### Data segment:
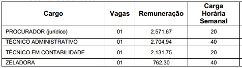 São quatro vagas - procurador jurídico, técnico administrativo, técnico em contabilidade e zeladora.
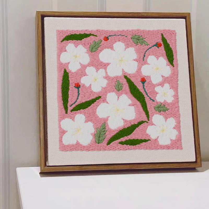 Pink Floral Square Punch Needle Kit - Diy Desktop Decoration | Good Gift For Housewarming
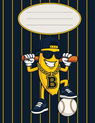 Go Bananas! Funny Baseball Notebook: Wide Ruled Journal with Cool Banana Cover and Pinstripes. Great for School Supplies and Sports Fans.

### What you should do:
All of the preceding material should be output verbatim, with the pictures excluded.

### Exercise result:
 São quatro vagas - procurador jurídico, técnico administrativo, técnico em contabilidade e zeladora.
 Pink Floral Square Punch Needle Kit - Diy Desktop Decoration | Good Gift For Housewarming
 Go Bananas! Funny Baseball Notebook: Wide Ruled Journal with Cool Banana Cover and Pinstripes. Great for School Supplies and Sports Fans.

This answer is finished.